When you transcribe the entries, reproduce every character and exclude the images.

[Dataset entries]

___

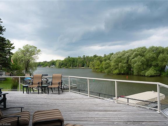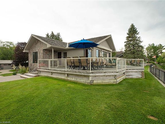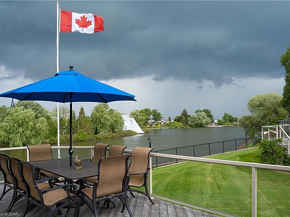 Located directly across from Nancy Island and with stunning westerly sunsets enjoy this 66.2 ft gorgeous riverfront property with steel riverwall, manicured lawns, 3 bdrm 2 bath winterized home with riverfront decks, spectacular 4 car garage all set behind a private gated entrance. This unique private property with its spectacular sunset views offers a charming year round home or winterized vacation property with master on the main level, 4 pc bath and bright open concept living room, family room with cozy fireplace, kitchen and dining area all with hardwood throughout and panoramic views of the river. Fully finished lower level offers add'l family room, 3 pc bath, 2 guest bedrooms, laundry facilities and separate entrance. For that car enthusiast enjoy an incredible 1184 sf detached 4 car garage. Lawn sprinklers and natural gas to the property to easily convert. For all your boating needs this home has access to stairs to riverside boardwalk with electric available and steel riverwall. Available for your immediate enjoyment. Step in now and start making your own family memories with this one of a kind riverfront property. Close to all east end amenities and just a short walk to the shores of Georgian Bay.
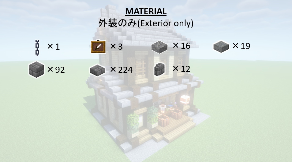 内装をこだわりだすとブロックがいくつあっても足りないので、材料は外装のみ(内装部は柱等のみを含めた)数をご紹介しております!
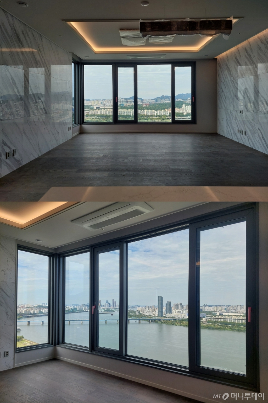 세대 내부에서도 한강뷰는 펼쳐진다. 전용 116㎡ 내부에 들어가면 거실 통창 너머로 반포대교와 세빛섬이 모습을 드러낸다. 이 세대는 4베이로 안방과 방에서도 한강을 조망할 수 있다. 전용 234㎡ 펜트하우스는 비가 갠 뒤 날씨가 맑아 반포대교 건너편 용산 이촌동과 한남동, 남산과 여의도까지 파노라마처럼 펼쳐졌다. 전용 185㎡ 펜트하우스 보류지 입찰 기준가는 126억원에 달한다. 올 1월 전용 200㎡ 펜트하우스 입주권은 100억원에 손바뀜돼 화제가 되기도 했다.
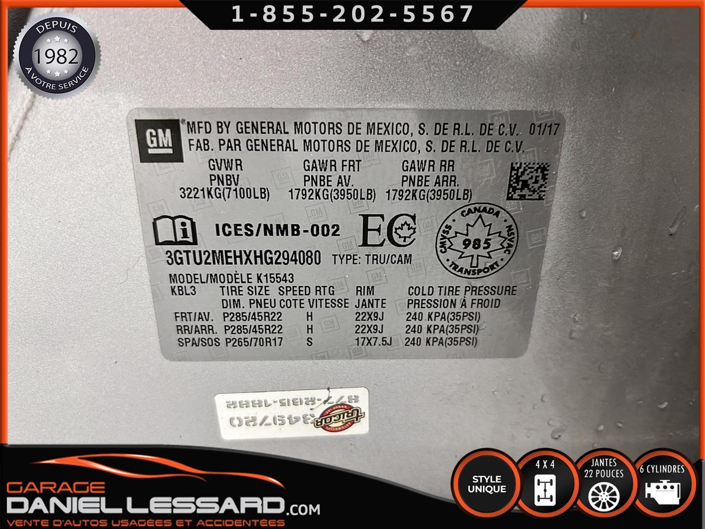 VRAIMENT TRÈS BEAU CAMION REPRIS EN ÉCHANGE, AYANT DÉJÀ ÉTÉ LÉGÈREMENT ACCIDENTÉ INDIQUE * RECONSTRUIT * (VOIR LES PHOTOS AVANT RÉPARATION) . IL A ÉTÉ ENTIÈREMENT INSPECTÉ PAR LA SAAQ ET PAR NOUS À SONT ARRIVER SUR PLACE, IL VIENT AVEC UNE GARANTIE DE 1 MOIS/ 1700 KM DE NOTRE PART. CHANGEMENT D'HUILE A ÉTÉ EFFECTUÉ ET TOUS LES ENTRETIENS SONT À JOUR, EN EXCELLENTE CONDITION, NE RESTERA PAS LONGTEMPS DISPONIBLE
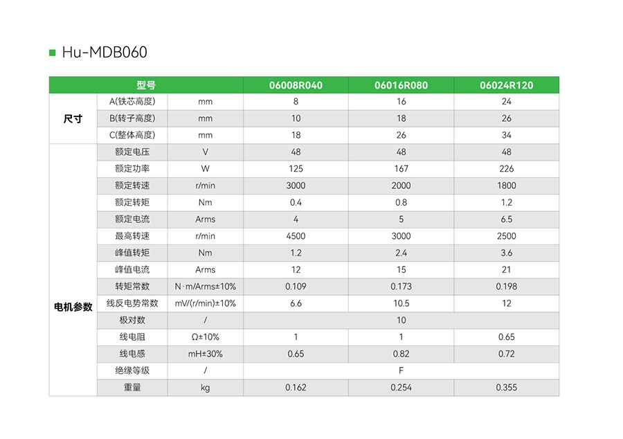 Hu-MDB060------电机直径:60mm;额定扭矩:0.4~1.2N.m
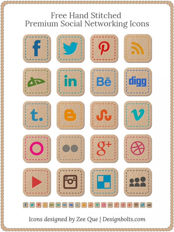 Free Hand Stitched Premium Social Networking Icons
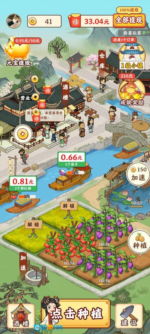 江南小镇红包版是一款充满趣味的田园模拟经营游戏。在游戏里,你会来到一个满是诗意的小镇,感受种植、养殖与建设的快乐。你可以先从种植普通农作物起步,慢慢解锁稀有植物,还能喂养各类可爱的宠物动物,让自己的农场一点点发展起来。经过用心经营,你的小镇不但会越来越繁荣,还能带来丰厚的收益。
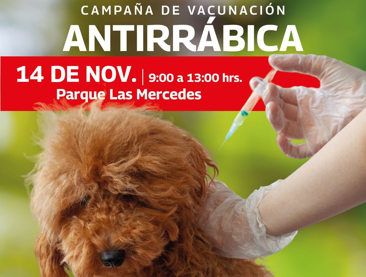 A través de Bienestar Animal, se realizará una campaña de vacunación antirrábica el 14 de noviembre en el Parque Las Mercedes de 09:00 a 13:00 horas.
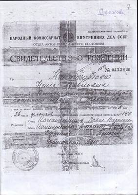 7. Свидетельство о рождении № 0423826 Калашниковой Н.П. 18.02.1938, выданное Ефремовским ЗАГСом Тульской обл. 26.02.1938
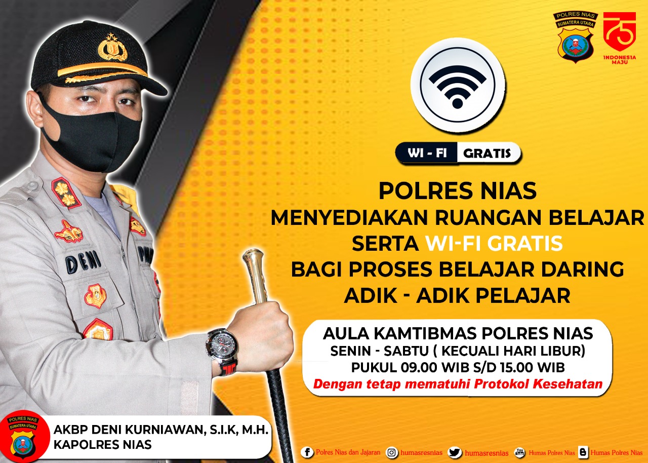 Kepolisian Resor Nias menyediakan ruangan belajar serta wifi gratis untuk belajar daring di Aula Mapolres Nias. Hal ini disampaikan Kapolres Nias AKBP Deni Kurniawan, S.I.K, MH, Senin (03/08) di Mapolres Nias.

___

*Solution*.
 Located directly across from Nancy Island and with stunning westerly sunsets enjoy this 66.2 ft gorgeous riverfront property with steel riverwall, manicured lawns, 3 bdrm 2 bath winterized home with riverfront decks, spectacular 4 car garage all set behind a private gated entrance. This unique private property with its spectacular sunset views offers a charming year round home or winterized vacation property with master on the main level, 4 pc bath and bright open concept living room, family room with cozy fireplace, kitchen and dining area all with hardwood throughout and panoramic views of the river. Fully finished lower level offers add'l family room, 3 pc bath, 2 guest bedrooms, laundry facilities and separate entrance. For that car enthusiast enjoy an incredible 1184 sf detached 4 car garage. Lawn sprinklers and natural gas to the property to easily convert. For all your boating needs this home has access to stairs to riverside boardwalk with electric available and steel riverwall. Available for your immediate enjoyment. Step in now and start making your own family memories with this one of a kind riverfront property. Close to all east end amenities and just a short walk to the shores of Georgian Bay.
 内装をこだわりだすとブロックがいくつあっても足りないので、材料は外装のみ(内装部は柱等のみを含めた)数をご紹介しております!
 세대 내부에서도 한강뷰는 펼쳐진다. 전용 116㎡ 내부에 들어가면 거실 통창 너머로 반포대교와 세빛섬이 모습을 드러낸다. 이 세대는 4베이로 안방과 방에서도 한강을 조망할 수 있다. 전용 234㎡ 펜트하우스는 비가 갠 뒤 날씨가 맑아 반포대교 건너편 용산 이촌동과 한남동, 남산과 여의도까지 파노라마처럼 펼쳐졌다. 전용 185㎡ 펜트하우스 보류지 입찰 기준가는 126억원에 달한다. 올 1월 전용 200㎡ 펜트하우스 입주권은 100억원에 손바뀜돼 화제가 되기도 했다.
 VRAIMENT TRÈS BEAU CAMION REPRIS EN ÉCHANGE, AYANT DÉJÀ ÉTÉ LÉGÈREMENT ACCIDENTÉ INDIQUE * RECONSTRUIT * (VOIR LES PHOTOS AVANT RÉPARATION) . IL A ÉTÉ ENTIÈREMENT INSPECTÉ PAR LA SAAQ ET PAR NOUS À SONT ARRIVER SUR PLACE, IL VIENT AVEC UNE GARANTIE DE 1 MOIS/ 1700 KM DE NOTRE PART. CHANGEMENT D'HUILE A ÉTÉ EFFECTUÉ ET TOUS LES ENTRETIENS SONT À JOUR, EN EXCELLENTE CONDITION, NE RESTERA PAS LONGTEMPS DISPONIBLE
 Hu-MDB060------电机直径:60mm;额定扭矩:0.4~1.2N.m
 Free Hand Stitched Premium Social Networking Icons
 江南小镇红包版是一款充满趣味的田园模拟经营游戏。在游戏里,你会来到一个满是诗意的小镇,感受种植、养殖与建设的快乐。你可以先从种植普通农作物起步,慢慢解锁稀有植物,还能喂养各类可爱的宠物动物,让自己的农场一点点发展起来。经过用心经营,你的小镇不但会越来越繁荣,还能带来丰厚的收益。
 A través de Bienestar Animal, se realizará una campaña de vacunación antirrábica el 14 de noviembre en el Parque Las Mercedes de 09:00 a 13:00 horas.
 7. Свидетельство о рождении № 0423826 Калашниковой Н.П. 18.02.1938, выданное Ефремовским ЗАГСом Тульской обл. 26.02.1938
 Kepolisian Resor Nias menyediakan ruangan belajar serta wifi gratis untuk belajar daring di Aula Mapolres Nias. Hal ini disampaikan Kapolres Nias AKBP Deni Kurniawan, S.I.K, MH, Senin (03/08) di Mapolres Nias.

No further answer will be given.